DEPRECATED: violates abstractions

Solution 2: Automatic dynamic wrappers

Since an object’s type constraints might be violated by a mutation at any subsequent point in the program, like the one in the Box example, it’s not enough to check the constraints only at the time of conversion. One solution is to protect a typed property whose value is untyped with extra checks at all gets/sets. This can be thought of as wrapping the value in a “view” or “fat pointer” that allows mutations to still happen on the underlying object and claims to be === to the original object, but wraps its get/set operations with extra checks.

This approach can also be used for wrapping functions: to convert a function of type (function(*):*) to a function of type (function(int):String), you wrap it in a proxy whose [[Call]] behavior inserts extra before/after dynamic checks to preserve the type’s invariants. Using the “view” approach, this wrapper can actually still allow the original function object and wrapped function object to share property tables and be considered the “same object” according to ===.

The benefits of this solution are that it’s safe, fully general, and allows for the full range of conversions. The drawback is efficiency: it means every communication between typed and untyped code incurs a space and time cost for adding a wrapper. If this were to make crossing the boundary between typed and untyped code too expensive, it might discourage users from mixing the two styles.

On the other hand, if most heavy computation doesn’t happen across these boundaries, this efficiency cost might be negligible. The only way to know is to experiment, but we should think about this. If most tight inner loops are not communicating between typed and untyped code, it may not be such an issue.

This solution also implies that all operations on objects might have to operate on views, which has global implications for efficiency. It can probably be as small as a single branch and pointer indirection, but it’s widespread. (Clever compilers can prove with flow analysis when no mixing could occur and optimize away some of these checks, but in general this is probably unlikely.)

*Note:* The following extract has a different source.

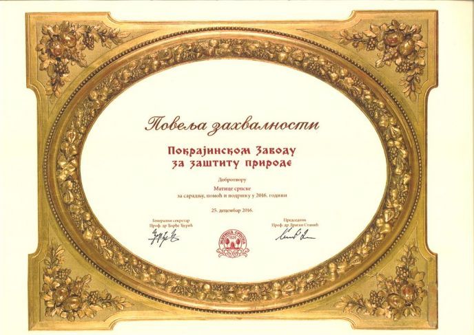 Pokrajinski zavod za zaštitu prirode je dobio Povelju zahvalnosti od Matice srpske u Novom Sadu. Povelja je Zavodu uručena 23. decembra 2016. godine na svečanosti Dan Dobrotvora koju ova naša najstarija srpska književna, kulturna i naučna institucija tradicionalno organizuje na izmaku svake godine. Povelju je uručio predsednik Matice prof. dr Dragan Stanić, a u ime Zavoda je primila direktorica dr Biljana Panjković. Zavod je dobio ovu povelju zbog uspešne saradnje, podrške i pomoći koju je pružio Matici pri izdanju Zbornika radova sa Botaničkog skupa održanog u maju 2016 godine.
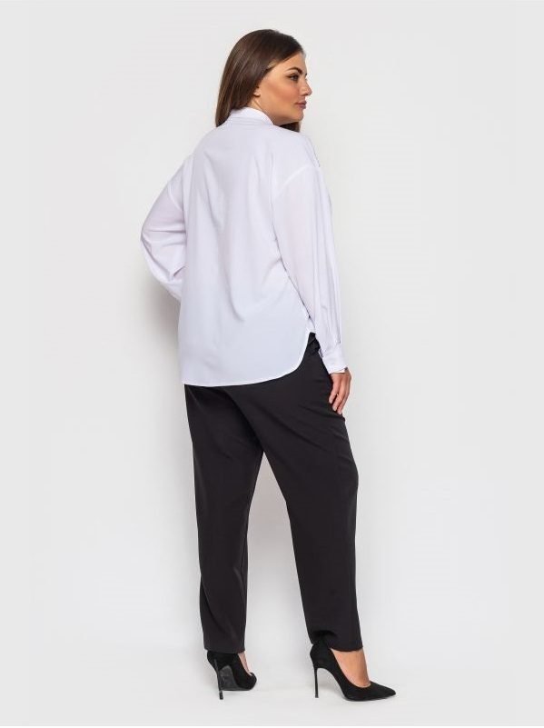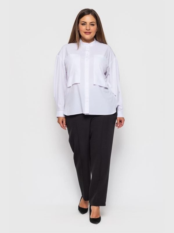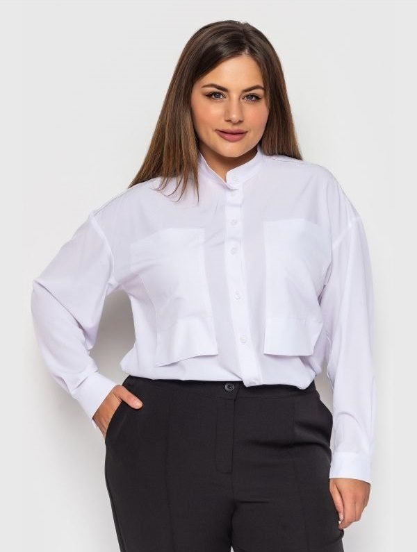 Классическая блуза свободного кроя с актуальными в этом сезоне накладными карманами. Воротник-стойка, блуза застегивается на пуговицы. Дополнена модель тесьмой "кучинелли" по плечам. Манжеты рукавов застегиваются на пуговицы. Спинка слегка удлинена, по бокам фигурные вырезы.

Solution 3: Explicit dynamic wrappers

On the other hand, if the cost of wrapping is too much to incur silently, we can force the user to request the wrapper by making automatic conversions between typed/untyped code illegal, but provide an explicit cast operator that adds wrappers as above. This way users don’t have to implement the wrappers themselves, but they do have to ask for it when they want it.

Solution 4: Write barrier type-check

A simple possibility is to perform typechecks when assigning an object to a slot. When an “untyped object” (an object with type *) is passed to a typed slot (a slot with type T != *), the object type is not compatible with the slot type so an exception is raised.

In this case, there are no safety issues, but some potential pain exists when upgrading libraries to “types mode”: legacy untyped user code cannot pass structured parameters, for example.

GROUP REACTION:

  • Everyone’s concerned with the example case of “adding types to the DOM
  • Read barriers probably better (case 8, with dynamic optimizations)

Solution 5: Explicit dynamic (deep) copy (DEPRECATED)

Instead of “views” which share state with the objects they wrap, we could make a cast that copies the object. This is likely to be much more expensive than the view approach, since it probably requires a deep copy in order to handle all conversions recursively throughout a compound structural type. The semantics of copying complicated ES objects might not be obvious, either. But it avoids the difficulty of implementing views, and it avoids the global invariant that all object operations might involve an indirection through views.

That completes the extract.